=== Input data ===

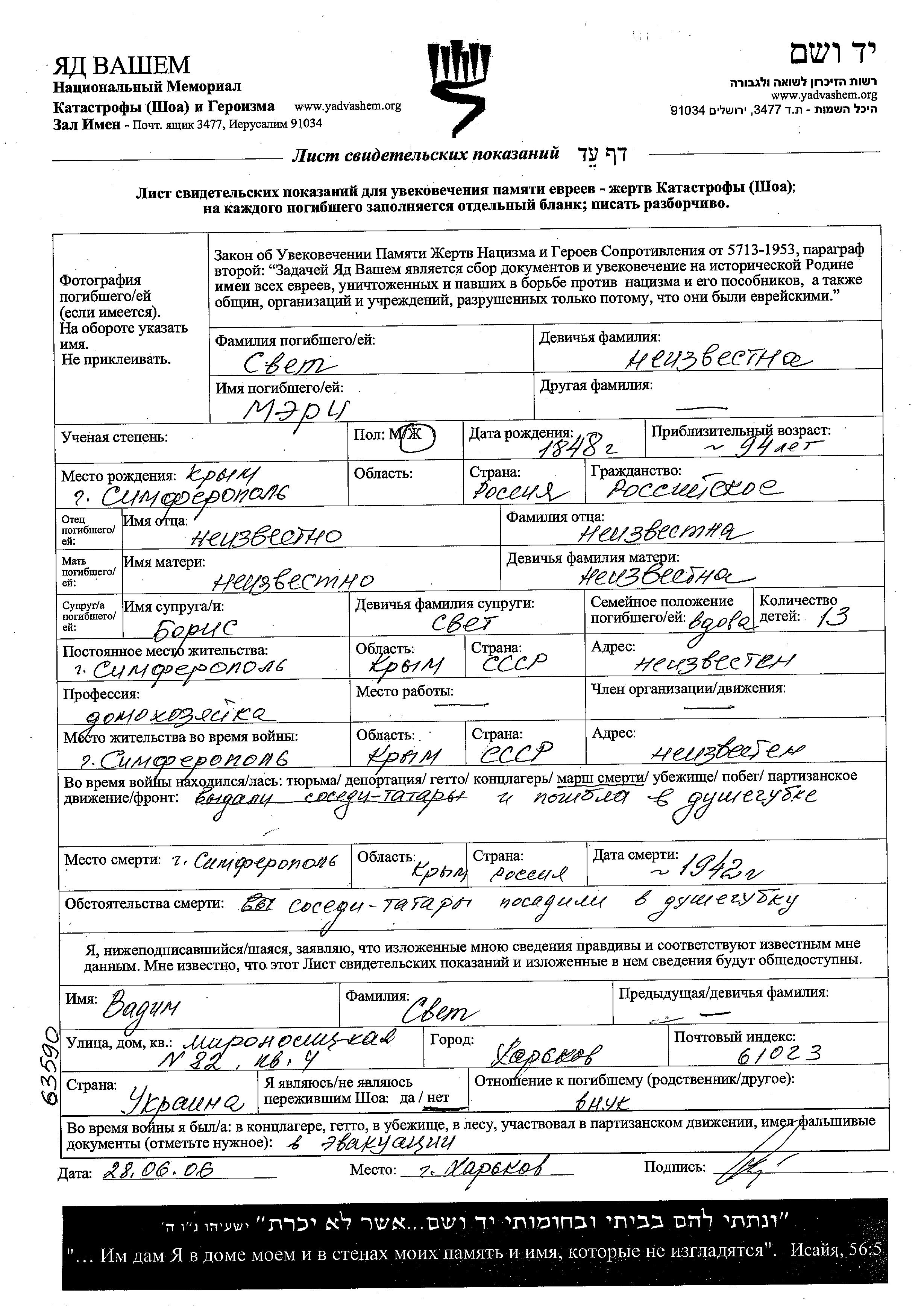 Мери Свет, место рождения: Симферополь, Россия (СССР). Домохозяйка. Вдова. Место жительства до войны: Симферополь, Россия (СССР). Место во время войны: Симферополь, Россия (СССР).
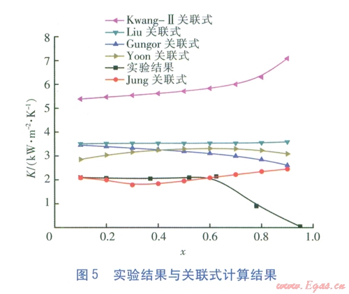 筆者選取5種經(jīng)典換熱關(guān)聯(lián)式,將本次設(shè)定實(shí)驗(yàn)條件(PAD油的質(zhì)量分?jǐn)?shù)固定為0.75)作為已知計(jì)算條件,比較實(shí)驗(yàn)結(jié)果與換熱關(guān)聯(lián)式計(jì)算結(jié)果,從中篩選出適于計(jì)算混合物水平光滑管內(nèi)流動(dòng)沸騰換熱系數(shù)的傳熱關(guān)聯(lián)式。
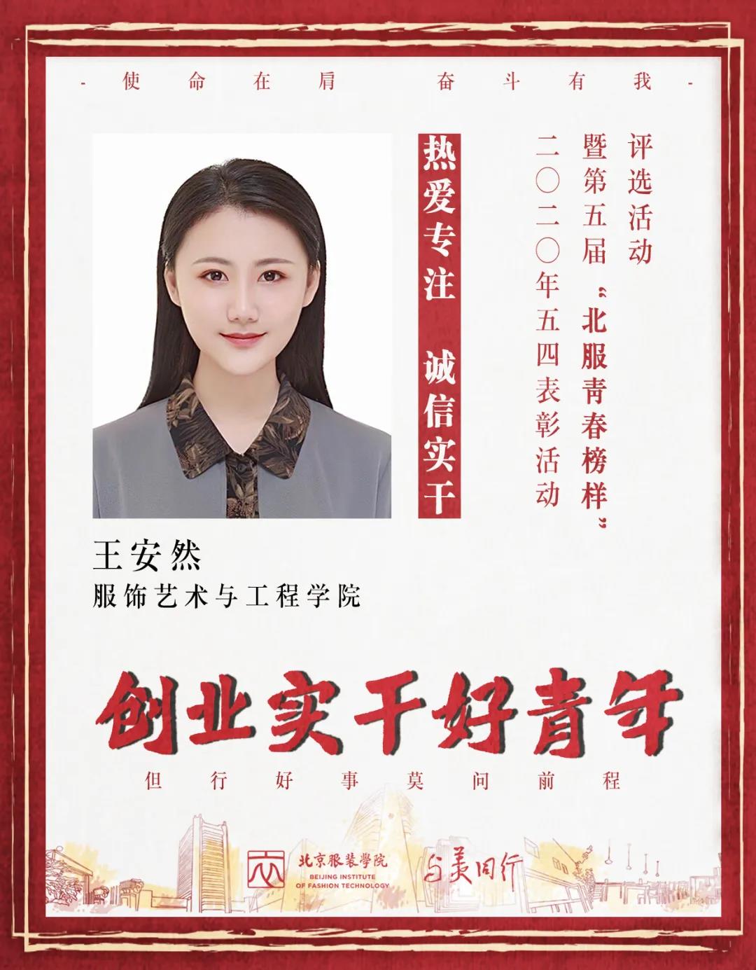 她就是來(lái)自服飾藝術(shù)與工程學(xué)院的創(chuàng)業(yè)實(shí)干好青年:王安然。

===

### Prompt
Return, exactly and without extra lines, everything from the line with "筆者選取5種經(jīng)典" through the last line of the material above, both included. Pictures must be dropped.

### Exercise solution
 筆者選取5種經(jīng)典換熱關(guān)聯(lián)式,將本次設(shè)定實(shí)驗(yàn)條件(PAD油的質(zhì)量分?jǐn)?shù)固定為0.75)作為已知計(jì)算條件,比較實(shí)驗(yàn)結(jié)果與換熱關(guān)聯(lián)式計(jì)算結(jié)果,從中篩選出適于計(jì)算混合物水平光滑管內(nèi)流動(dòng)沸騰換熱系數(shù)的傳熱關(guān)聯(lián)式。
 她就是來(lái)自服飾藝術(shù)與工程學(xué)院的創(chuàng)業(yè)實(shí)干好青年:王安然。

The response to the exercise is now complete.